Страница:
308 из 423
Что касается до «молниеносной любви», наподобие Тристана и Изольды, вспыхнувшей между двадцатилетним мальчиком, полуобразованным и уже алкоголиком, и пожилой уже женщиной, которая была «по площади» больше его раза в три, то я совершенно уверен, что это была любовь однобокая – только с ее стороны. Есенин же пошел на всю эту авантюру из озорства или спьяну, как он делал почти все свои поступки в жизни. Его известный стих:
Подошла и прищуренным глазом
Хулигана свела с ума есть не более как опыт поэтического самооправдания и, может быть, в меньшей степени – опыт запоздалого комплимента. Их «совместная» жизнь была некрасива, тяжка и груба.
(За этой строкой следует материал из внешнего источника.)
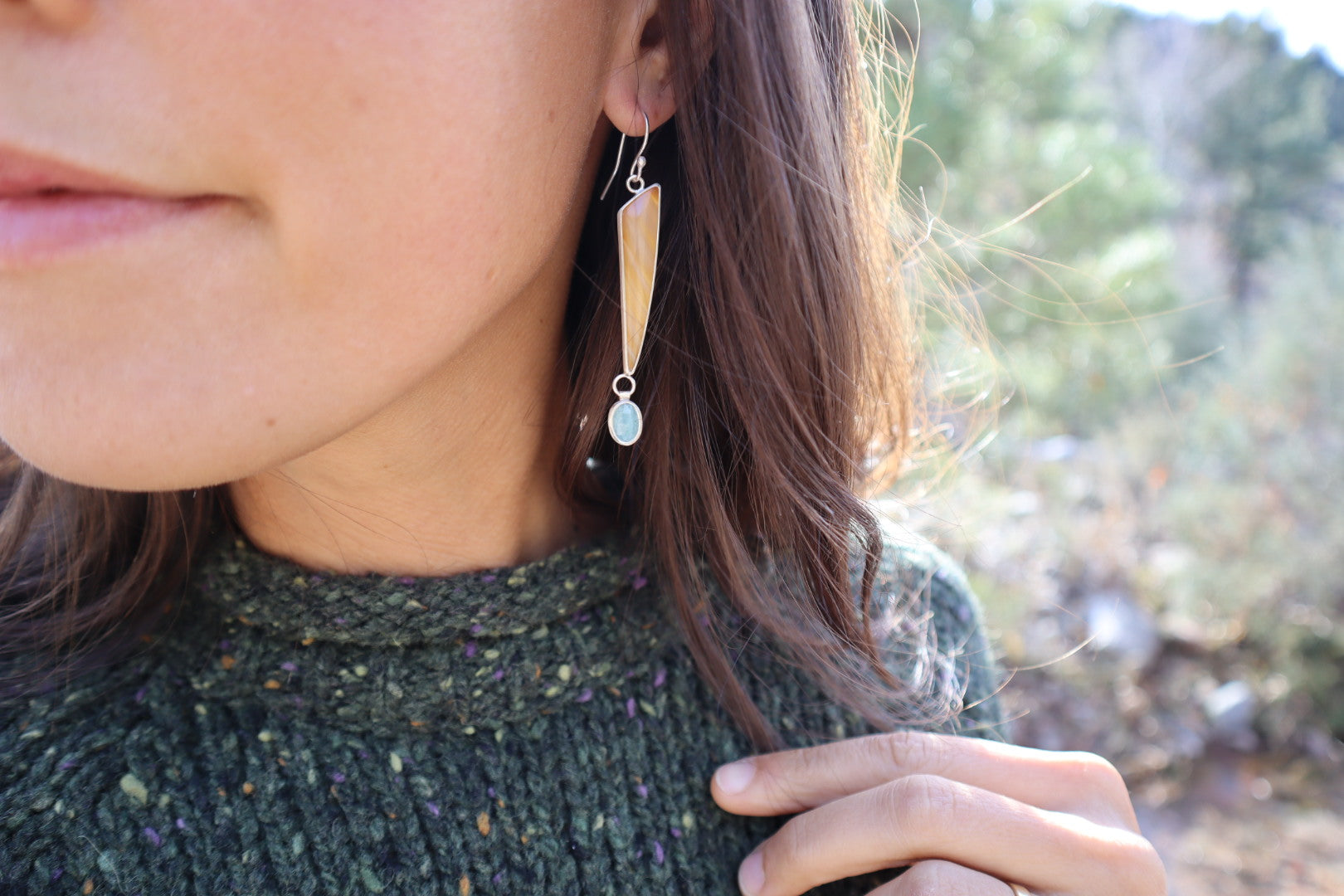 This is such a light-filled pair. The warmth of the Timor agate brings out the brightness of the aquamarine, complimenting each other perfectly. This pair loves to play in the light!

Он ее бил: уже позднее, когда я увидал Айседору в Москве, она мне сказала на своем самобытном русском языке (она любила говорить по-русски и говорила очень плохо, но смело, как и все, что делала)… Она мне сказала: «Как он меня рюгаль, как колотиль!.. он меня называль старий кобыль!» Это было уже потом, на вечере у художника Якулова, уже перед ликвидацией ее «коммунистическо-хореографичес-кой» авантюры [128].
Есенин не только с ней грубо обращался – как-то утрированно-грубо, но он над ней издевался, учил ее неприличным русским словам, выдавая их за приличные, так что получались совершенно дикие положения. Во время этого второго (и последнего) моего с ней свидания я увидел, что этот запоздалый роман на нее произвел глубокое и очень тяжелое впечатление: это было уже началом ее окончательного увядания.
Но «хореографически» она увяла уже тогда, когда приехала в Россию и устроила в ней свою «школу». Я ее больше в этой школе не посещал – было неинтересно.